IFIT1, can primarily interfere with the interaction of eIF4E with the cap structure and competes with eIF4E and eIF4F for binding to cap 0 mRNA [175][176][177] or suppress an internal ribosome entry site (IRES)-dependent translation by targeting eIF3-dependent steps in the viral RNA translation initiation process, in the case of hepatitis C virus [178][179]. IFIT1 can also recognize viral RNA that carries a triphosphate group on its 5′ terminus (PPP-RNA), and sequesters it from the actively replicating pool [180]. As IFIT1 is one of the most strongly induced genes by the cell-intrinsic innate immune responses, pathogenic viruses have evolved specific and efficient mechanisms to overcome its inhibitory action, such as their own capping machinery for N-7 and 2′-O methylation of viral RNA [178], ‘‘cap snatching’’ mechanism, which refers to ‘stealing’ cap structures from cellular mRNA [181][182] or using host methyltransferases in the nucleus to generate cap 1 structures on 5′ end [183]. Viruses are also using cap-independent translation or covalent binding of viral proteins to the 5′-end of the RNA. Interestingly, in the case of alphaviruses, the viral replication varies in the presence of IFIT1, depending on the structures of the 5’-untranslated regions (UTRs) in their genomes. They are using a stable stem-loop structure in their 5′-UTR to antagonize the IFIT1 binding and antiviral activity. Additionally, in viruses, IFIT1 acts as an antiviral effector molecule as well as an inducer of innate immunity, since the presence of IFIT1 at higher levels makes IFIT1-resistant wild-type alphaviruses more potent inducers of Type I IFN [184].

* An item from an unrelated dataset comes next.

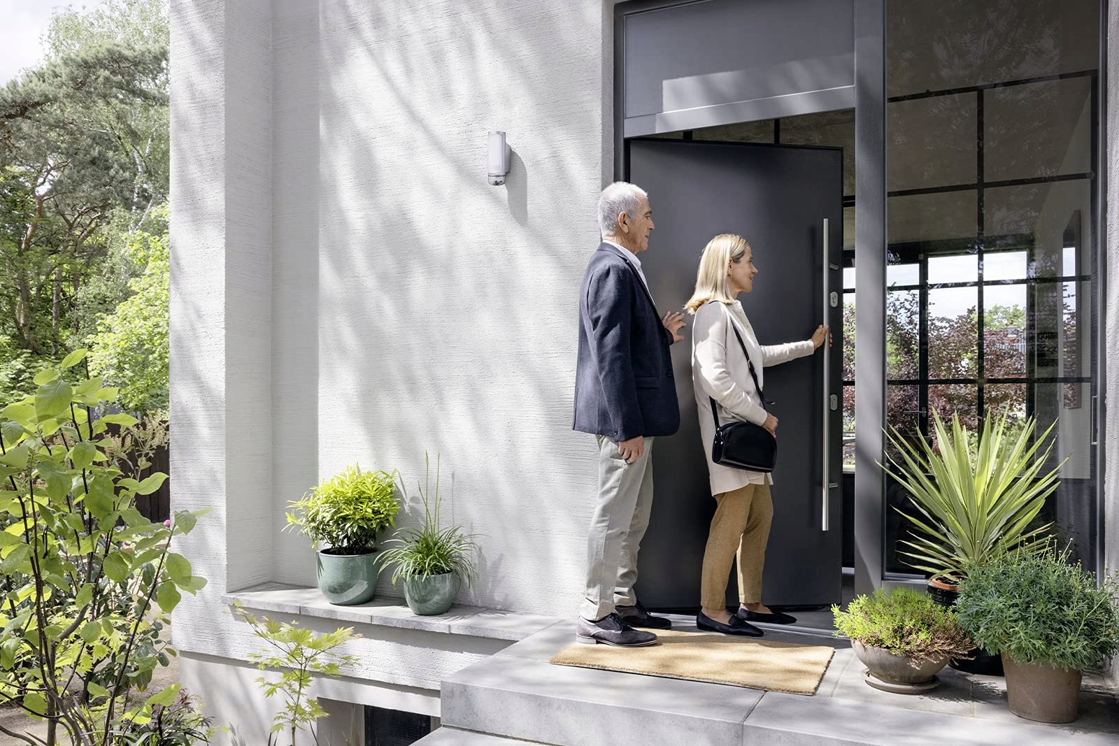 W połączeniu z kamerą zewnętrzną Bosch Eyes zawsze masz oko na to, kto stoi przed drzwiami: jesteś natychmiast informowany i widzisz bezpośrednio, kto stoi przed drzwiami i możesz łatwo przyznać dostęp swoim gościom – nawet jeśli nie są w domu.

In vitro studies have elaborated that tumour-associated human papillomavirus (HPVs) oncoproteins utilize various strategies to interfere with the IFN-receptor pathways. By binding with the TYK2, they hamper phosphorylation of the transcription factors, STAT1 and STAT2 that are required for IFN-stimulated gene transcription [185][186]. High-risk HPV oncoprotein E6 directly impairs STAT1 transcription and translation [187][188][189], while E7 protein form interaction with the IRF9 gene, and thus, preventing the IRF9 binding with phosphorylated STAT1 and STAT2, which forms a complex for nucleus translocation [190][191]. This perhaps explains the limited effect of IFN therapy in the treatment of HPV genital infections highlighted during the past few years [192]. It is of interest to note that the response rate to IFNα in low-risk HPV infection patients is higher compared to those with high-risk HPV infection [193]. Furthermore, cervical cancer patients’ biopsy samples showed downregulation of Type I IFN expression compared to tissue from normal individuals [194], which implies that high-risk HPVs more efficiently promote host resistance to IFN signalling [186].